Devotional Reading: John 14: 15-31.
Text: I will not leave you orphaned; I am coming to you.
I remember the first time that I told someone that no matter how old we are, it hurts to become an orphan. At first they looked at me queerly, but then a knowing look dawned across their face as a tear welled up in his eye. He was the oldest sibling and I had just performed the funeral service of his last parent. And although the man was in his 60s it dawned on him; for a moment he felt like a child again. I became an orphan at 53 years of age. When a person becomes an orphan they realize that there is a part of their past that is forever gone, the part that was contained only in their parents’ memory.
It has been said that you are never truly an adult until your last parent dies; when you become an orphan. I think that this is true because it is only then that you realize that you are now “on the front lines of life.” You may have been independent for years, even decades, but while your parents are alive there seems to be an imaginary buffer between you and life’s final chapter. Even if they are frail and you are now taking care of them, they are still there…that buffer. With their passing life suddenly takes on a more serious air.
Jesus told His disciples that he would not leave them orphaned. He would not leave them alone. They would not be by themselves, left alone in a world that neither understood the lessons that Jesus taught nor those who followed His teachings. He promised them Another, the Advocate, the Holy Spirit. Even though He would no longer be with them in the way that He was, He would still be with them. They needed to simply listen to the promptings of the Spirit in the community of faith. He was talking about more than a memory. He was talking about a real Presence, touched and tasted in the sacraments and felt in the blessed community of faith.
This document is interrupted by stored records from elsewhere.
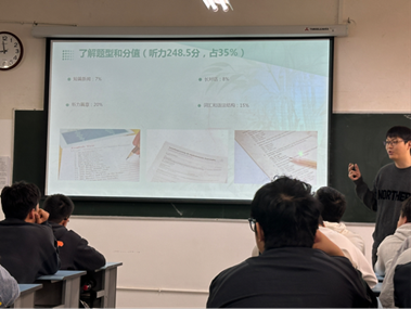 在此次班会上,班主任都喜东老师从英语四级考试的备考策略讲起,系统介绍了四级考试中的具体题型以及题目组成,详细分析了每种题型的分数占比以及难易程度,给同学们分享了自己的应试技巧和英语学习方法,其中,都喜东老师着重强调了备考时应制定详细的复习计划并一丝不苟地去执行才能顺利通过考试,这些宝贵的经验令同学们在应对步入大学学习的首次测验有了更多的底气并明确了在大学学习期间的目标以及收获了宝贵的学习方法,令人受益匪浅。
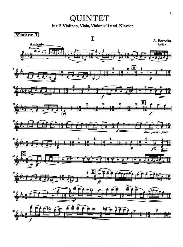 Borodin, Alexander - Piano Quintet in c minor (1862) for Two Violins, Viola, Cello and Piano - Kalmus Publication
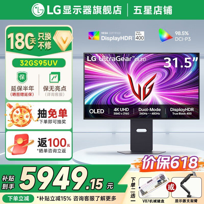 LG 32GS95UV电竞显示器京东促销价6999元
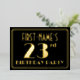 La façade de cette invitation de foil de fête des Années folles a inspiré vingt-troisième anniversaire avec un nom personnalisé, un grand style art déco inspiré numéro "23ème", le message "Fête des Anniversaires", et un motif frontalier composé de lignes. Il y a un arrière - plan de couleur noire sur le devant par défaut, mais il peut être customisé à une couleur différente si désiré. Le verso présente des détails personnalisés sur l'événement, tels que la date, l'heure, le lieu et toute autre information importante. Des invitations luxueuses, élégantes et customisées comme celles-ci peuvent être utilisées pour des invités invitations à une fête d’anniversaire ou à une réunion organisée pour honorer le 23e anniversaire de quelqu’un. [~Z0000591]
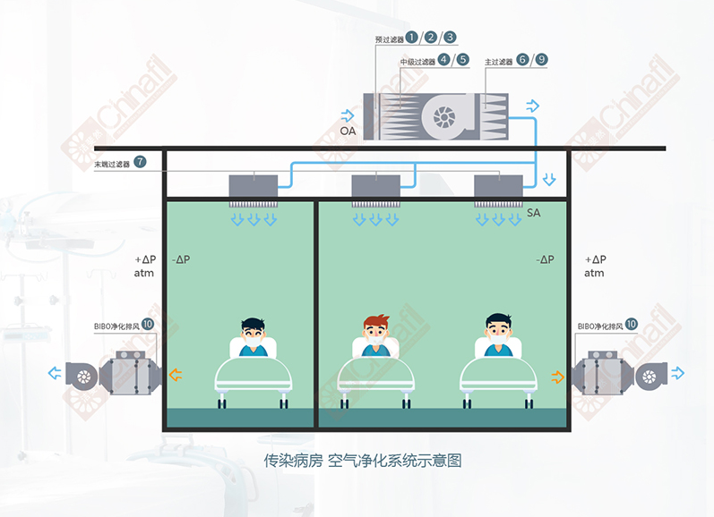 傳染病房空氣過濾系統(tǒng)原理:
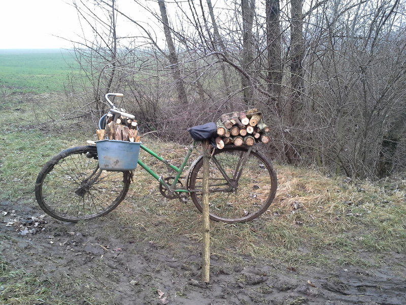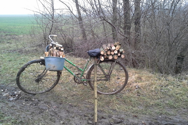 Lopott fa a kerékpáron

My mom and dad have been gathered to their ancestors, in the quaint words of the Old Testament, for several years now. They joined the Cloud of Witnesses of the Letter to the Hebrews, the Church Triumphant. But they are still with me. I catch glimpses of them in the mirror sometimes. I hear their voices in my head; “Slow and steady,” “Don’t worry about sleep, just rest with your eyes closed.”
We have been blessed by those who influenced and guided us. We have been more than blessed by the One who promised not to leave us orphaned.
Lord, I offer prayers of thanksgiving for all of those, known and unknown, remembered and unremembered who have touched my life with love. I offer my greatest prayers of thanksgiving, though, for the One who promised not to leave me orphaned. In His name, Amen.